Big data breach! Aadhaar software hack raises major security concerns
A software patch, which can be bought for as little as Rs 2,500 - reportedly allows unauthorised persons, based anywhere in the world, to generate Aadhaar numbers.
Blowing the lid off what could possibly be one of the biggest data breaches of unique identity database of over a billion Indians, a report by Huffpost on Tuesday claimed that UIDAI' database has been compromised by a software patch that disables critical security features of the software used to enrol new Aadhaar users.
What is Aadhaar software hack?
According to the report, a software patch, which can be bought for as little as Rs 2,500, allows unauthorised persons, based anywhere in the world, to generate Aadhaar numbers.
A patch is a set of code that is used to change a computer program or update, fix, or improve it. This includes fixing bugs. However, it can also be used to introduce vulnerabilities. The report claimed that the Aadhaar software patch allowed users to bypass critical security features such as biometric authentication of enrolment operators to generate unauthorised Aadhaar numbers.
Why is it a security risk?
The report said that Aadhaar patch disables the enrolment software's GPS security feature which is used to identify the location of enrolment centres. Turning off GPS would allow anyone to use the software to enrol users from anywhere in the world.
How the software patch makes Aadhaar vulnerable to ghost entries?
While the government has trumpeted weeding out of illegal beneficiaries from various central schemes as one of the major successes of Aadhaar, the latest revelations may deliver a body blow to Centre's tall claims.
The report claims that the patch reduces the sensitivity of the enrolment software's iris-recognition system, making it easier to spoof the software with a photograph of a registered operator, rather than requiring the operator to be present in person.
If this is true, then the software patch could be used to create ghost entries into Aadhaar database. The new IDs created in UIDAI may also be misused to siphon off rations meant for poor.
How did the hack happen?
In 2010, the UIDAI allowed private agencies to enrol users to the Aadhaar system in order to speed up enrolments. In the same year, Bengaluru-based Mindtree won a contract to develop an official, standardised enrolment software - called the Enrolment Client Multi-Platforma (ECMP )- that would be installed onto the thousands of computers maintained by these private operators.
Instead of using a web-based system in which all software would be installed on the UIDAI's own servers and enrolment operators would have a user name and password to access the system, softwares were installed on each enrolment computer.
According to the report, B. Regunath, a software architect who led the team at Mindtree that worked on the project, said a web-based enrolment software for Aadhaar was not practical at the time because many parts of the country had very poor Internet connectivity.
To make data security foolproof, more features were added to the software that was used by Aadhaar enrolment operators.

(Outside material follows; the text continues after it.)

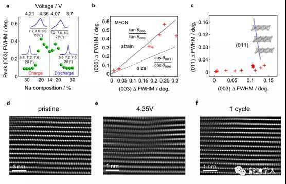 圖2. 通過原位XRD和球差校正的STEM觀察到褶皺相的相關(guān)現(xiàn)象。 (a) 原位XRD測(cè)量得到的 (003) 衍射峰的半高寬。以C / 50速率充電至4.5V的過程在約43小時(shí)結(jié)束,相應(yīng)的剩余鈉離子的標(biāo)稱值為14%。插圖從左到右是充電過程中在鈉含量為28%和18%時(shí)以及放電時(shí)相應(yīng)位置的(003)峰的實(shí)際XRD曲線。在圖上方邊緣標(biāo)出了對(duì)應(yīng)電壓值。 (b) 實(shí)測(cè)得到的 (003) 和 (006) XRD峰半高寬的角度依賴性與應(yīng)變展寬(實(shí)線)和尺寸展寬(虛線)相比較。每個(gè)紅色標(biāo)記對(duì)應(yīng)于原位XRD掃描結(jié)果,與應(yīng)變展寬模型十分接近。 (c) (011) 與 (003) 平面對(duì)應(yīng)的的XRD展寬對(duì)比。插圖中的模型指明了 (011) 平面的方向。說明在金屬氧化物面內(nèi)沒有明顯的應(yīng)變分量。 (d-f) 為MFCN在b方向的HAADF-STEM圖像。所使用的分別為樣品是 (d) 原始薄膜,(e) 以C / 10速率充電至4.35V和 (f) 在C / 10速率下2V至4.5V之間的一個(gè)循環(huán)之后。亮斑點(diǎn)表示過渡金屬離子的位置。

They were required to log in to the software by first providing their own fingerprint or iris scan. Also, a GPS device was attached to verify the location.
However, the report claimed that in early 2017, these security features were bypassed by a software hack. There is also a video on YouTube which offers a step-by-step guide to bypass these security features.
Unique Identification Authority of India (UIDAI) has dismissed the claims as completely baseless. Refuting the allegations, UIDAI said no operator can make or update Aadhaar unless an individual gives biometrics details.
The UIDAI said that it matches all the biometric - 10 fingerprints and both iris - of a resident enrolling for Aadhaar with the biometrics of all Aadhaar holders before issuing an Aadhaar, and so the claims of introducing information into Aadhaar database were "completely unfounded".